FIG. 1 is a schematic flow chart of a method for singulating a three-dimensional building model according to an embodiment of the present invention;

FIG. 2 is a schematic diagram of DOM data provided by an embodiment of the present invention;

FIG. 3 is a schematic diagram of DSM data provided by an embodiment of the present invention;

FIG. 4 is a flow chart of generating DSM data and DOM data provided by an embodiment of the present invention;

FIG. 5 is a schematic flow chart of acquiring building boundary data according to an embodiment of the present invention;

FIG. 6 is a diagram of a building boundary extraction effect provided by an embodiment of the present invention;

FIG. 7 is a schematic diagram of a building singulation extraction process provided by an embodiment of the present invention;

FIG. 8 is an R-tree index graph created from OSGB files and building boundaries provided by an embodiment of the present invention;

FIG. 9 is a graph of the building singulation result provided by an embodiment of the present invention;

FIG. 10 is a schematic view of the intersection of building vector boundary data and triangles provided by an embodiment of the present invention;

FIG. 11 is a schematic illustration of a building monomer after reconstruction provided by an embodiment of the present invention;

fig. 12 is a schematic flow chart of a three-dimensional building model singulation apparatus according to an embodiment of the present invention.

Detailed Description

The following description of the embodiments of the present application will be made clearly and fully with reference to the accompanying drawings, in which it is evident that the embodiments described are only some, but not all, of the embodiments of the present application.

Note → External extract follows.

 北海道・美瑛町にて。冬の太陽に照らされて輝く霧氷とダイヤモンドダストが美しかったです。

All other embodiments, which can be made by one of ordinary skill in the art without undue burden from the present disclosure, are within the scope of the present disclosure.

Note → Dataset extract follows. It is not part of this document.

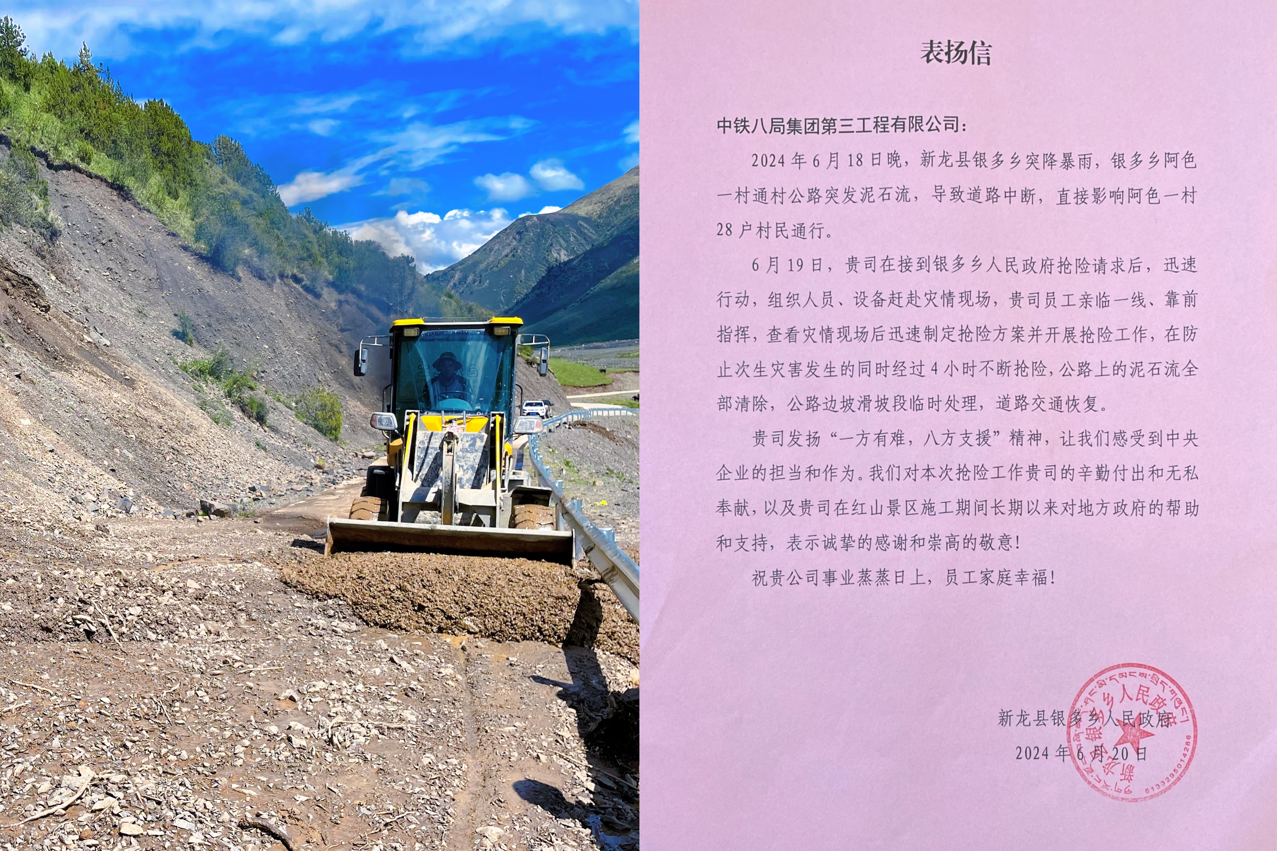 6月21日,四川省甘孜藏族自治州新龙县银多乡人民政府为新龙红山项目送上“心系村民,抢险救灾;无私奉献 央企担当”锦旗和表扬信,对项目部在6月19日泥石流抢险工作中做出的努力与长期以来对地方政府的支持帮助表示诚挚的感谢和崇高的敬意。

In the description of the present application, it should be understood that the terms "first," "second," and the like are used for descriptive purposes only and are not to be construed as indicating or implying a relative importance or an implicit indication of the number of technical features being indicated. Thus, a feature defining "a first" or "a second" may explicitly or implicitly include one or more such feature. In the description of the present application, unless otherwise indicated, the meaning of "a plurality" is two or more.

In the description of the present application, it should be noted that, unless explicitly specified and limited otherwise, the terms "mounted," "connected," and "connected" are to be construed broadly, and may be either fixedly connected, detachably connected, or integrally connected, for example; can be mechanically or electrically connected; can be directly connected or indirectly connected through an intermediate medium, and can be communication between two elements. The specific meaning of the terms in this application will be understood by those of ordinary skill in the art in a specific context.

Referring to fig. 1, one embodiment of the present invention provides a three-dimensional building model singulation method, which includes:

s1, dividing a three-dimensional building model to obtain a plurality of model blocks, and generating DSM data and DOM data corresponding to each model block;

in the embodiment of the invention, the DSM data is digital surface model (Digital Surface Model, DSM) data, and the digital surface model refers to a ground elevation model comprising the heights of surface buildings, bridges, trees and the like; the DOM data is digital orthophoto data. The three-dimensional building model of the embodiment of the invention is a three-dimensional building model of oblique photography, the three-dimensional building model comprises a plurality of files in OSGB (Open Scene Graph Binary) format, and the OSGB format is a main stream format of result data of the three-dimensional building model of oblique photography.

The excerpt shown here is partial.